If ever there was an election that could be summed up by “It’s the economy, stupid” the Argentine election is it. In fact, the economic failure is so clear and the popular consensus so pronounced that last Sunday’s election was cancelled. In a highly unusual move for a candidate who won the first round of an election, Carlos Saul Menem withdrew from the race last week. His opponent and fellow Peronist party member Nestor Kirchner, who placed second in the first round, will become president of Argentina.
Over the last five years Argentina, which previously enjoyed the highest living standards in Latin America, has suffered through the worst economic decline in its history. The majority of the country now lives below the official poverty line, and unemployment is 22 percent.
Although Menem had other political liabilities he is widely seen as corrupt it is his role as designer of failed economic policies that did him in. A solid majority of the voters in the first round of the election voted for candidates including Kirchner who rejected these policies, and the polls showed Menem losing by more than a 2-1 margin in the run-off.
Menem was president from 1991-1999, and
although he left office before things really fell apart, the electorate correctly held him responsible for the ensuing depression. Under Menem’s leadership, the country experimented with an extreme version of what Argentines call “neoliberalismo,” including an indiscriminate opening to foreign capital and trade, large-scale privatization, and a “currency board” system much like a gold standard that fixed Argentina’s peso at one per U.S. dollar.

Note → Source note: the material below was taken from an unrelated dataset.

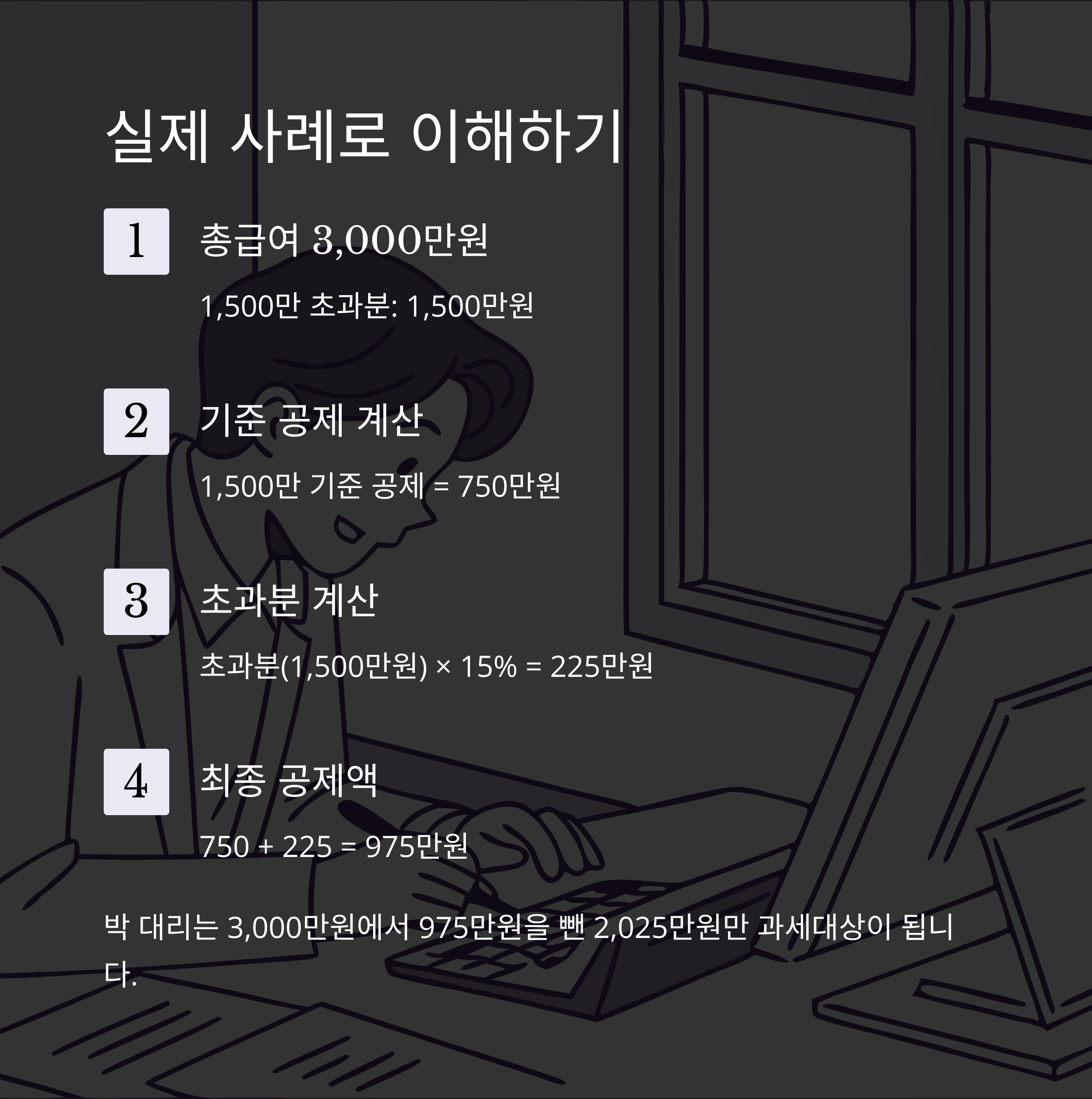 - 총급여 3,000만 원 → 1,500만 초과분: 1,500만 원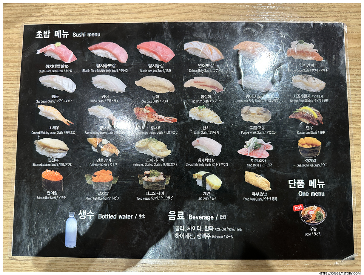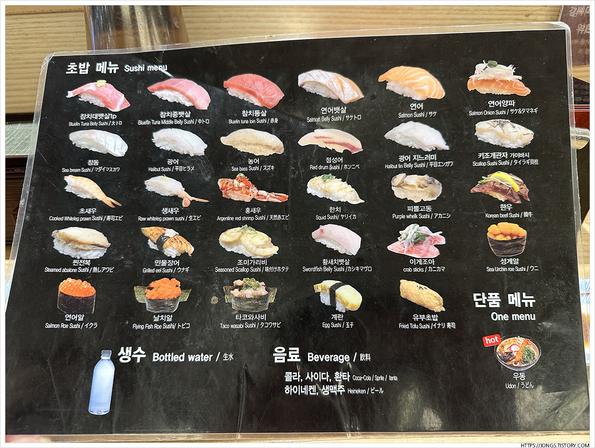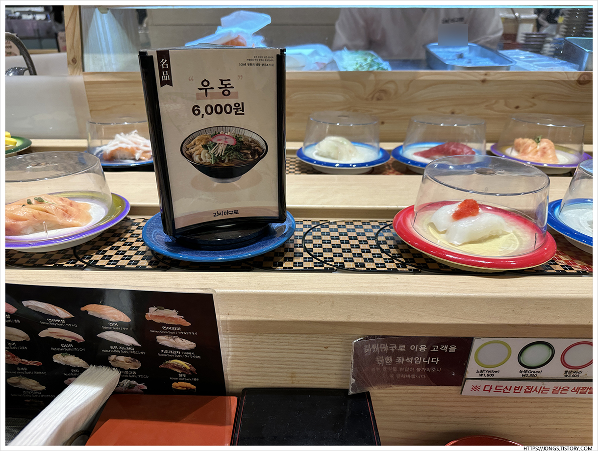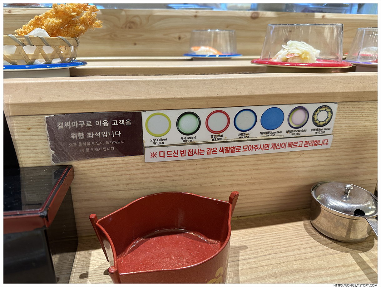 ▼ 초록 접시가 그나마 계란초밥이고 노랑과 퍼플은 먹는 동안에는 보지 못한 것 같습니다. 거의 빨강접시부터 시간한다고 생각하시면 될 것 같아요.

The combination was deadly. Despite initial success in taming inflation and boosting economic growth, the regime was particularly vulnerable to external shocks from the global economy. These began in 1994 when the U.S. Federal Reserve started a series of interest rate hikes, followed by the Mexican peso crisis (1994- 95), then the Asian (1997-98), Russian (1998), and Brazilian (1999) financial crises.
Each of these developments sent shock waves through the Argentine economy, which could not adjust so long as its currency was tied to the dollar. The result was a vicious spiral: private capital flight led to increasing interest rates and a shrinking economy, which led to more debt and even higher interest rates as investors feared a currency devaluation and then a debt default. The government finally did default on $95 billion of public debt at the end of 2000, and the currency collapsed.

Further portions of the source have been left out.